Would you copy the records exactly, leaving the pictures out?

====== Extracted information

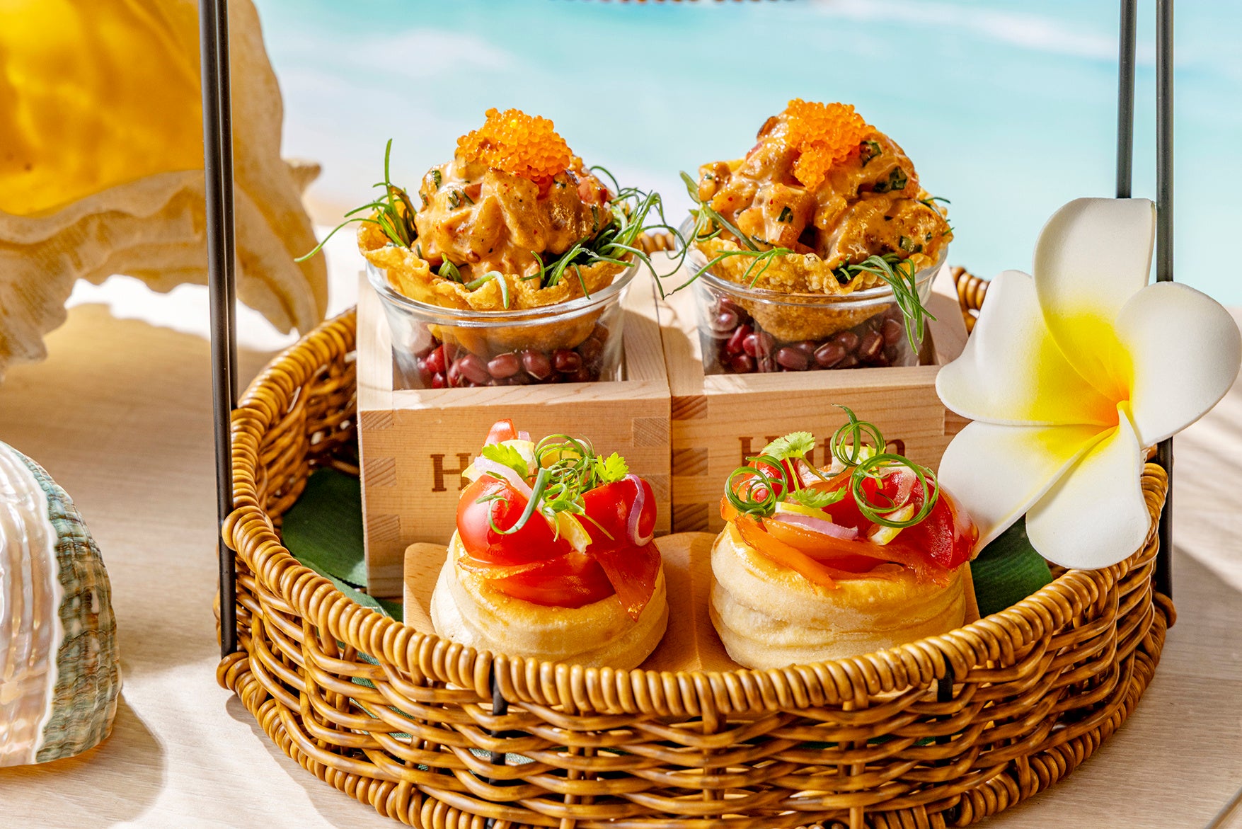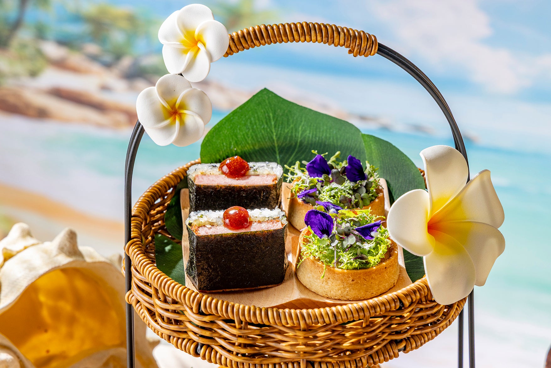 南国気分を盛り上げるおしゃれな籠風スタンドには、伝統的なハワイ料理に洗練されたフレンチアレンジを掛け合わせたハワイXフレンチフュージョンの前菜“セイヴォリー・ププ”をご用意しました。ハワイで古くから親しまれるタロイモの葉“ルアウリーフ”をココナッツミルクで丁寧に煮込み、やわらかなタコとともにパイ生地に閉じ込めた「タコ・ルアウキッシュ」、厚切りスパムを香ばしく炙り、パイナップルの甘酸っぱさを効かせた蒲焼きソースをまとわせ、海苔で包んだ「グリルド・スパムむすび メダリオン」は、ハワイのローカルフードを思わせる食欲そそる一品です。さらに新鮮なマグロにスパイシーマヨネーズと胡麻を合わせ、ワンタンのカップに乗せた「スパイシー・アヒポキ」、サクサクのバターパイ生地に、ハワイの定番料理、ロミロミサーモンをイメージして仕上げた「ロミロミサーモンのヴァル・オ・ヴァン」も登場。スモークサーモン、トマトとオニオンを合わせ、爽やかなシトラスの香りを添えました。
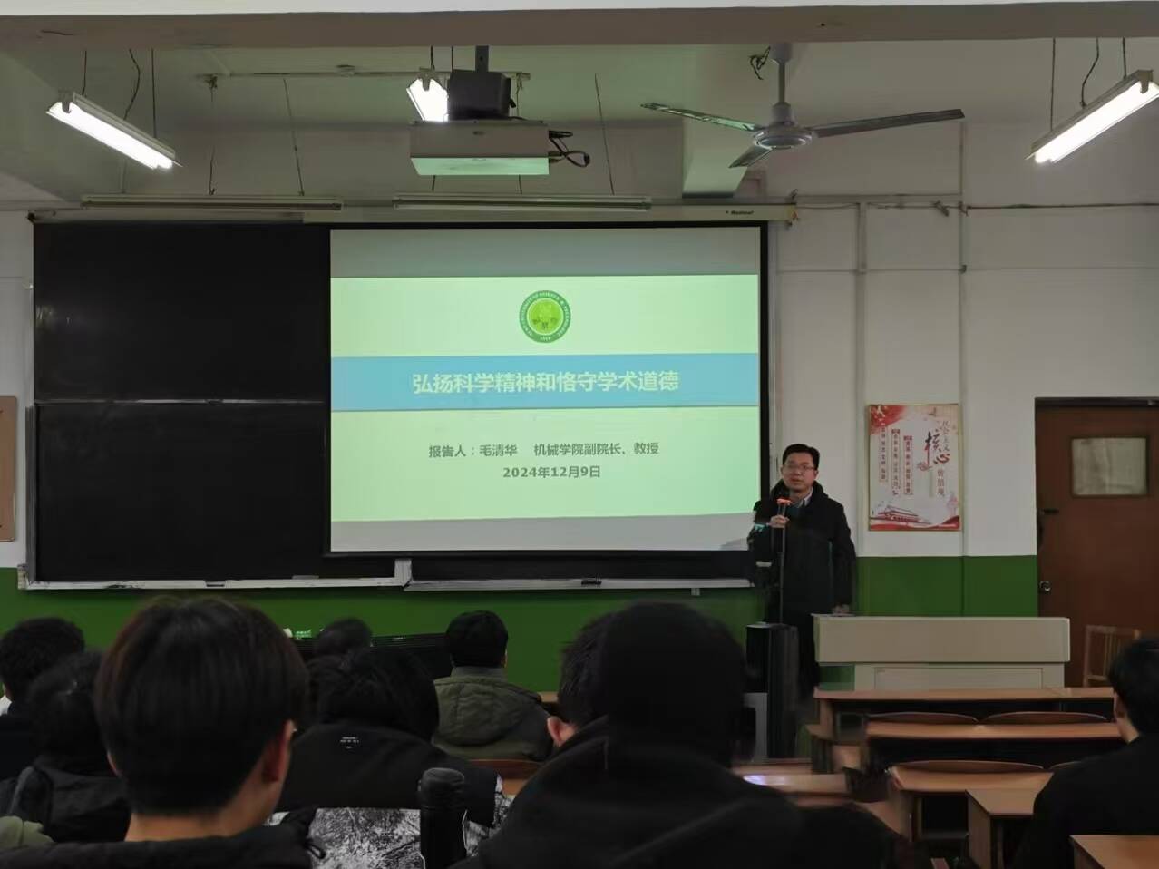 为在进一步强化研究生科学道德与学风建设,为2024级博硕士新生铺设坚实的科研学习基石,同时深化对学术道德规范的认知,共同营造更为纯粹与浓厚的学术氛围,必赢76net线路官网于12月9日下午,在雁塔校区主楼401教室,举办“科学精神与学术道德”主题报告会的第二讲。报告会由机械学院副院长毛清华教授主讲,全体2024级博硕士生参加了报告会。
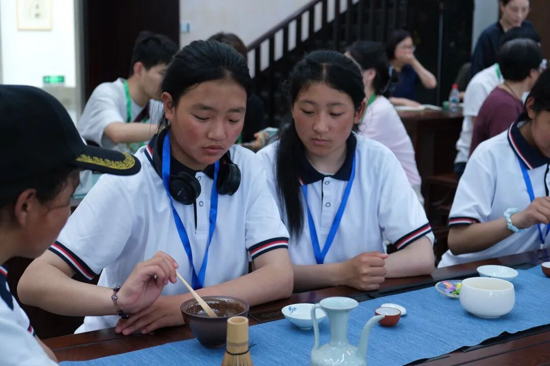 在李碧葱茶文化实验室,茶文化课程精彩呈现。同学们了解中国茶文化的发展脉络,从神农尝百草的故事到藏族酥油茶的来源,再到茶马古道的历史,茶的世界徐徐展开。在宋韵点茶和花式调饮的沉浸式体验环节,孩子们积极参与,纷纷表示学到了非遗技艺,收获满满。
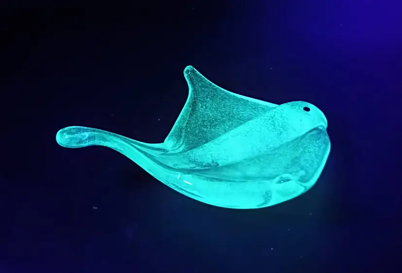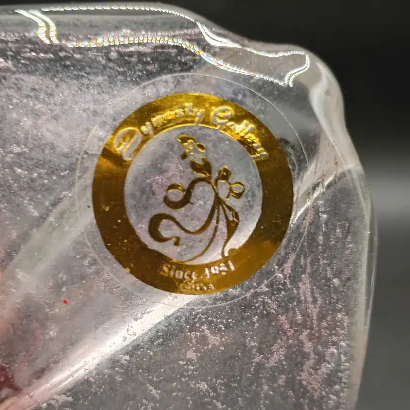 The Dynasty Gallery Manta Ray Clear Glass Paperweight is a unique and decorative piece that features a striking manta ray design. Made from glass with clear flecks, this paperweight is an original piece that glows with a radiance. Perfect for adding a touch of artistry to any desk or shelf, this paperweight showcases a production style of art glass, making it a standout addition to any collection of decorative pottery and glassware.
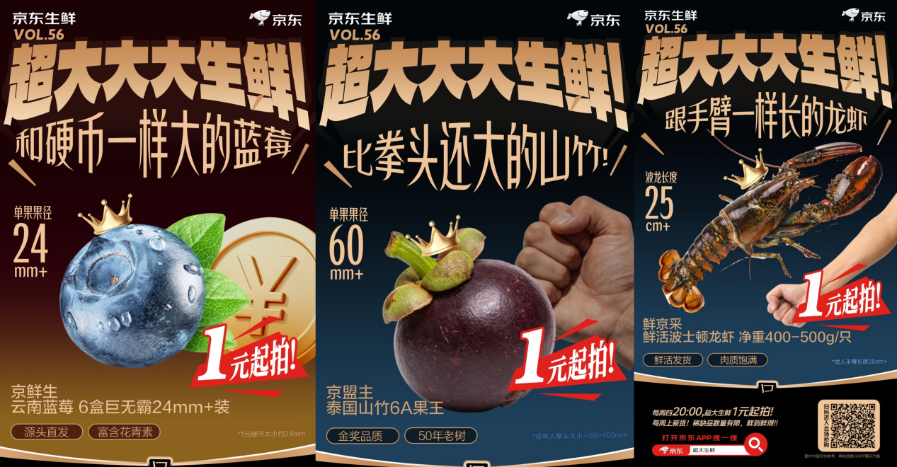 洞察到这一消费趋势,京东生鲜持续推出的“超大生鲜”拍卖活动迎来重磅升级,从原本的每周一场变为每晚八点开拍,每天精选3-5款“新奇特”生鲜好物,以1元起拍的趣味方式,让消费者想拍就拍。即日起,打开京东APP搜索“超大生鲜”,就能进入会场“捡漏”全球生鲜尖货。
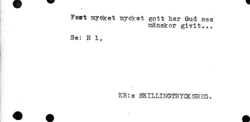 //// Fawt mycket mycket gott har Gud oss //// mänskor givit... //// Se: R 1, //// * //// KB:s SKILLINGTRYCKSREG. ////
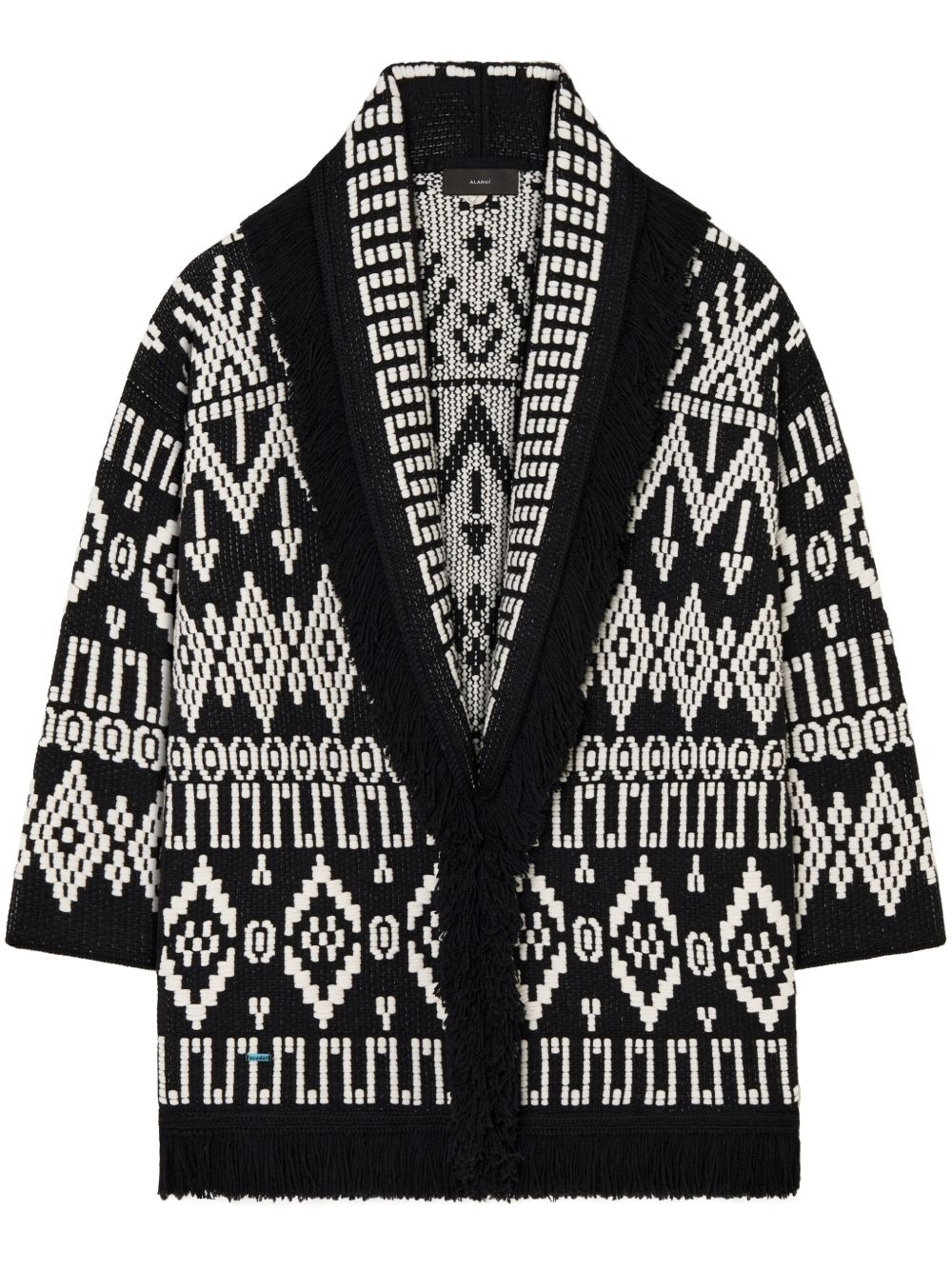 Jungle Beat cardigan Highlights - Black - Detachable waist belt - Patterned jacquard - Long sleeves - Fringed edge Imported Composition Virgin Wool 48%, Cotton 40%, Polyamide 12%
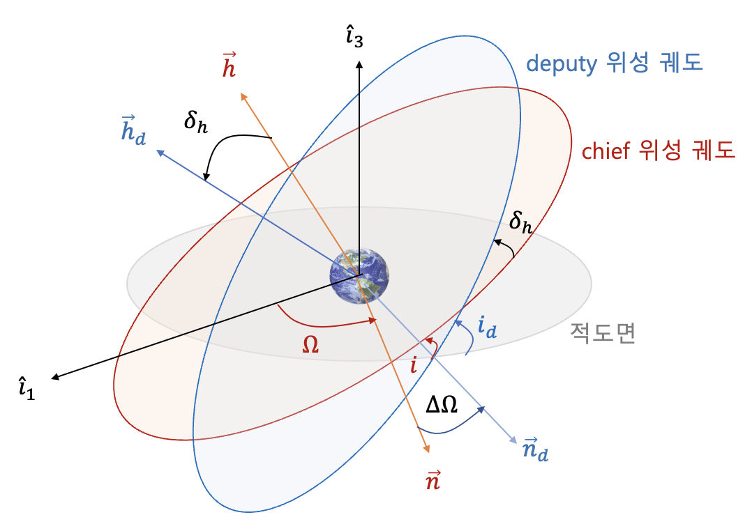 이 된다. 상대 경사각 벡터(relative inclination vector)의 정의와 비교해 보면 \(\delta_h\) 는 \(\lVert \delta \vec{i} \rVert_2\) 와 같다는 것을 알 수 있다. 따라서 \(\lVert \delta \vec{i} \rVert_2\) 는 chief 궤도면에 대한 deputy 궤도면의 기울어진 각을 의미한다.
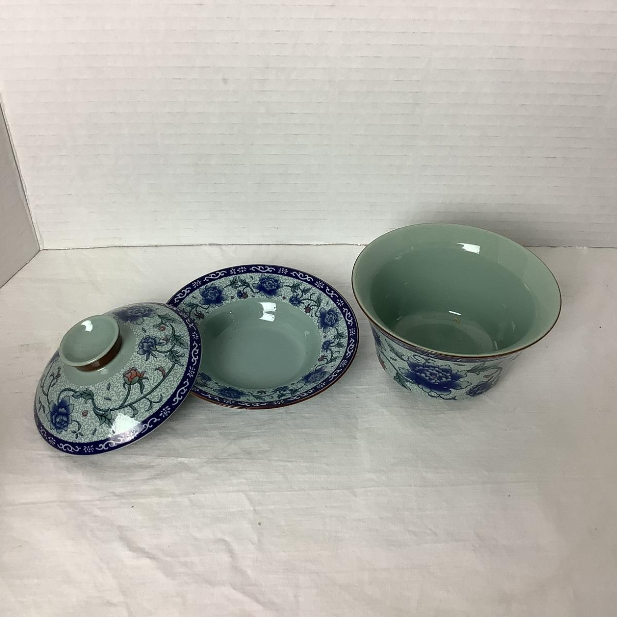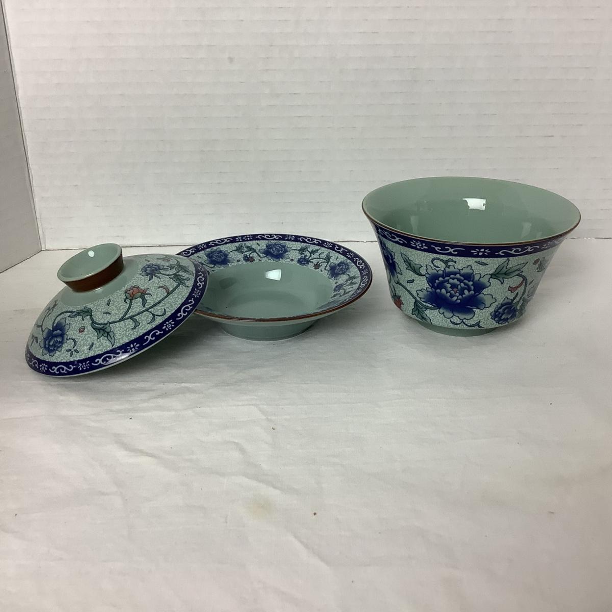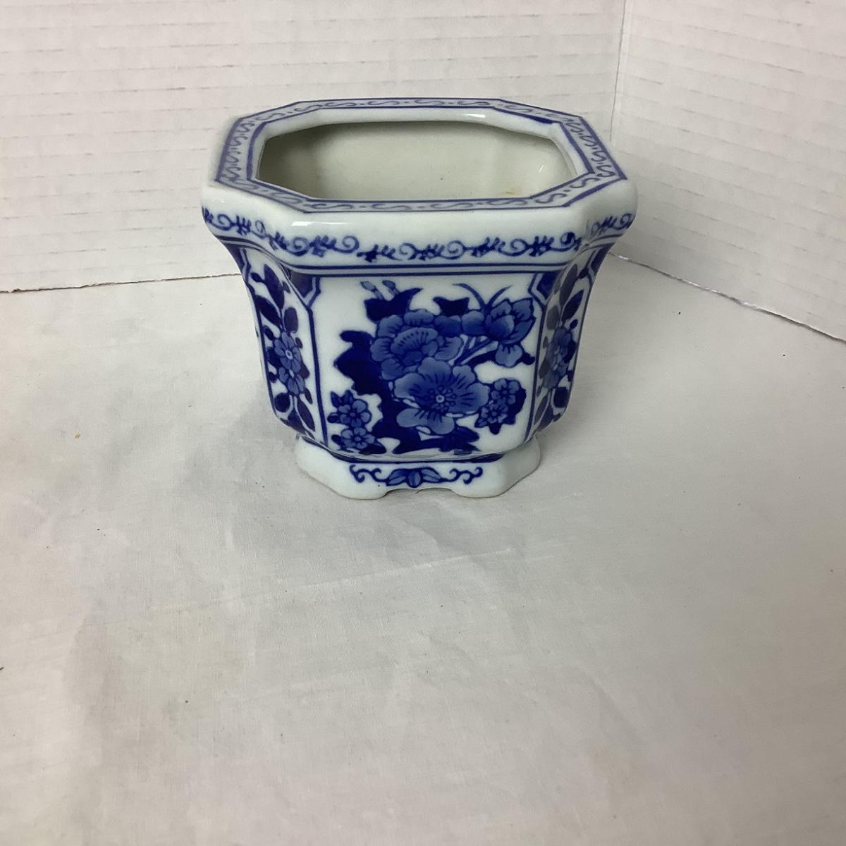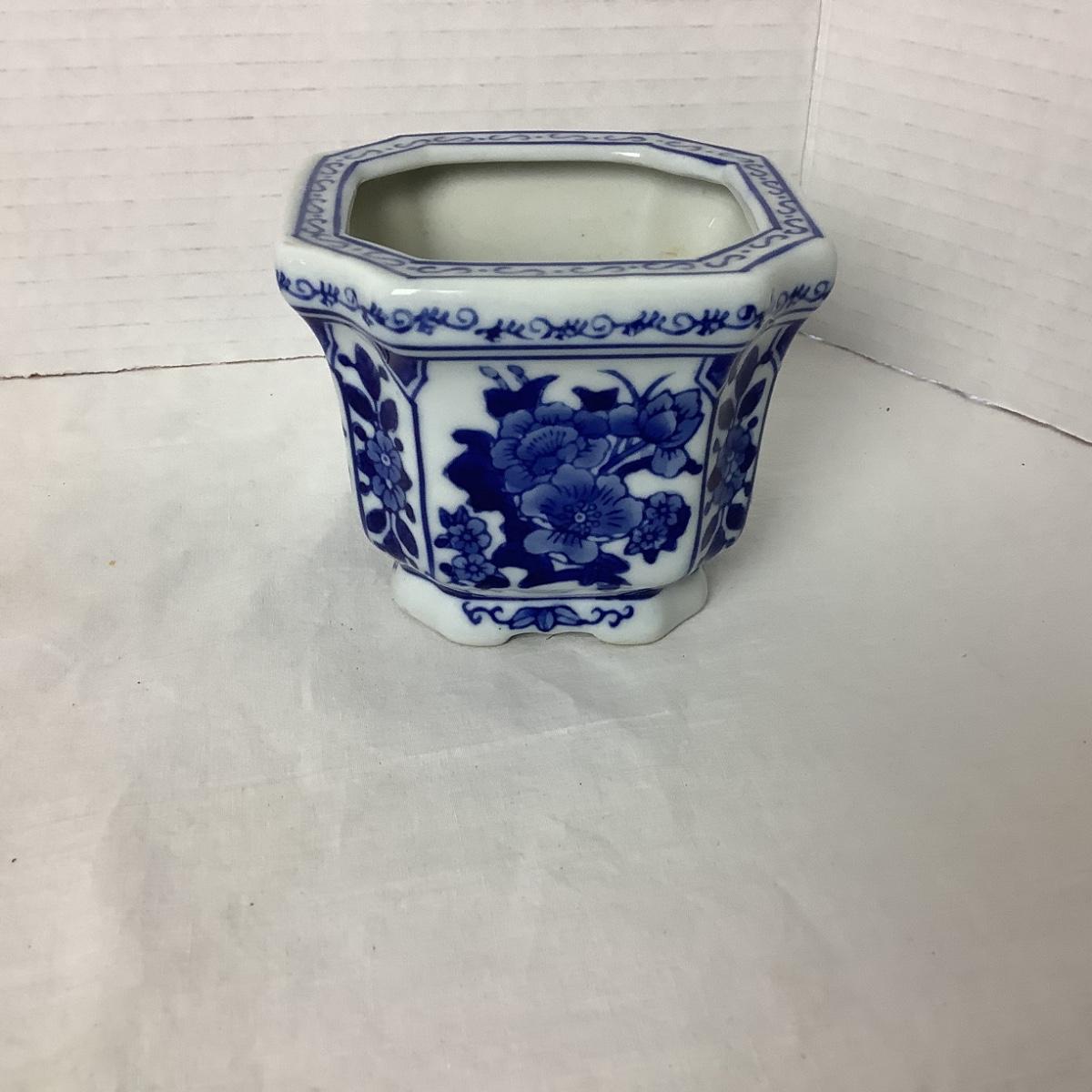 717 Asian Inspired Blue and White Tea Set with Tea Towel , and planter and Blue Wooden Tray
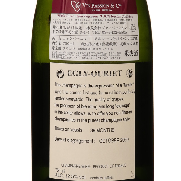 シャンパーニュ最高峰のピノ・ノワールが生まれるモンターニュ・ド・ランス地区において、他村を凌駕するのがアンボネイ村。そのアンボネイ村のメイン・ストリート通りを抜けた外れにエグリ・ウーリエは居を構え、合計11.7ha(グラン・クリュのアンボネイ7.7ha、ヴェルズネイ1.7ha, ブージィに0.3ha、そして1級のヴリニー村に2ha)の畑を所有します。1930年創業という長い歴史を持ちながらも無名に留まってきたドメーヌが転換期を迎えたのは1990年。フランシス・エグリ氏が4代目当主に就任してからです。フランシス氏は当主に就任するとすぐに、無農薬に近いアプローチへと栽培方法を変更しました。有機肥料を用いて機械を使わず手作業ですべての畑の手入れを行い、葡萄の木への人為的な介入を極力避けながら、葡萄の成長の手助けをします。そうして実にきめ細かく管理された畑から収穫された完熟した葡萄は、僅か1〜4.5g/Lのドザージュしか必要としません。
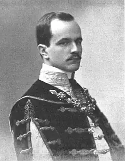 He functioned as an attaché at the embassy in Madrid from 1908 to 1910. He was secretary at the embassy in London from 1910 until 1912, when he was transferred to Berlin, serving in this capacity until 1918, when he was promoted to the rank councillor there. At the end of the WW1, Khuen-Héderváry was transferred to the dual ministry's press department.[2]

============

● **Solution for this exercise**:
 南国気分を盛り上げるおしゃれな籠風スタンドには、伝統的なハワイ料理に洗練されたフレンチアレンジを掛け合わせたハワイXフレンチフュージョンの前菜“セイヴォリー・ププ”をご用意しました。ハワイで古くから親しまれるタロイモの葉“ルアウリーフ”をココナッツミルクで丁寧に煮込み、やわらかなタコとともにパイ生地に閉じ込めた「タコ・ルアウキッシュ」、厚切りスパムを香ばしく炙り、パイナップルの甘酸っぱさを効かせた蒲焼きソースをまとわせ、海苔で包んだ「グリルド・スパムむすび メダリオン」は、ハワイのローカルフードを思わせる食欲そそる一品です。さらに新鮮なマグロにスパイシーマヨネーズと胡麻を合わせ、ワンタンのカップに乗せた「スパイシー・アヒポキ」、サクサクのバターパイ生地に、ハワイの定番料理、ロミロミサーモンをイメージして仕上げた「ロミロミサーモンのヴァル・オ・ヴァン」も登場。スモークサーモン、トマトとオニオンを合わせ、爽やかなシトラスの香りを添えました。
 为在进一步强化研究生科学道德与学风建设,为2024级博硕士新生铺设坚实的科研学习基石,同时深化对学术道德规范的认知,共同营造更为纯粹与浓厚的学术氛围,必赢76net线路官网于12月9日下午,在雁塔校区主楼401教室,举办“科学精神与学术道德”主题报告会的第二讲。报告会由机械学院副院长毛清华教授主讲,全体2024级博硕士生参加了报告会。
 在李碧葱茶文化实验室,茶文化课程精彩呈现。同学们了解中国茶文化的发展脉络,从神农尝百草的故事到藏族酥油茶的来源,再到茶马古道的历史,茶的世界徐徐展开。在宋韵点茶和花式调饮的沉浸式体验环节,孩子们积极参与,纷纷表示学到了非遗技艺,收获满满。
 The Dynasty Gallery Manta Ray Clear Glass Paperweight is a unique and decorative piece that features a striking manta ray design. Made from glass with clear flecks, this paperweight is an original piece that glows with a radiance. Perfect for adding a touch of artistry to any desk or shelf, this paperweight showcases a production style of art glass, making it a standout addition to any collection of decorative pottery and glassware.
 洞察到这一消费趋势,京东生鲜持续推出的“超大生鲜”拍卖活动迎来重磅升级,从原本的每周一场变为每晚八点开拍,每天精选3-5款“新奇特”生鲜好物,以1元起拍的趣味方式,让消费者想拍就拍。即日起,打开京东APP搜索“超大生鲜”,就能进入会场“捡漏”全球生鲜尖货。
 //// Fawt mycket mycket gott har Gud oss //// mänskor givit... //// Se: R 1, //// * //// KB:s SKILLINGTRYCKSREG. ////
 Jungle Beat cardigan Highlights - Black - Detachable waist belt - Patterned jacquard - Long sleeves - Fringed edge Imported Composition Virgin Wool 48%, Cotton 40%, Polyamide 12%
 이 된다. 상대 경사각 벡터(relative inclination vector)의 정의와 비교해 보면 \(\delta_h\) 는 \(\lVert \delta \vec{i} \rVert_2\) 와 같다는 것을 알 수 있다. 따라서 \(\lVert \delta \vec{i} \rVert_2\) 는 chief 궤도면에 대한 deputy 궤도면의 기울어진 각을 의미한다.
 717 Asian Inspired Blue and White Tea Set with Tea Towel , and planter and Blue Wooden Tray
 シャンパーニュ最高峰のピノ・ノワールが生まれるモンターニュ・ド・ランス地区において、他村を凌駕するのがアンボネイ村。そのアンボネイ村のメイン・ストリート通りを抜けた外れにエグリ・ウーリエは居を構え、合計11.7ha(グラン・クリュのアンボネイ7.7ha、ヴェルズネイ1.7ha, ブージィに0.3ha、そして1級のヴリニー村に2ha)の畑を所有します。1930年創業という長い歴史を持ちながらも無名に留まってきたドメーヌが転換期を迎えたのは1990年。フランシス・エグリ氏が4代目当主に就任してからです。フランシス氏は当主に就任するとすぐに、無農薬に近いアプローチへと栽培方法を変更しました。有機肥料を用いて機械を使わず手作業ですべての畑の手入れを行い、葡萄の木への人為的な介入を極力避けながら、葡萄の成長の手助けをします。そうして実にきめ細かく管理された畑から収穫された完熟した葡萄は、僅か1〜4.5g/Lのドザージュしか必要としません。
 He functioned as an attaché at the embassy in Madrid from 1908 to 1910. He was secretary at the embassy in London from 1910 until 1912, when he was transferred to Berlin, serving in this capacity until 1918, when he was promoted to the rank councillor there. At the end of the WW1, Khuen-Héderváry was transferred to the dual ministry's press department.[2]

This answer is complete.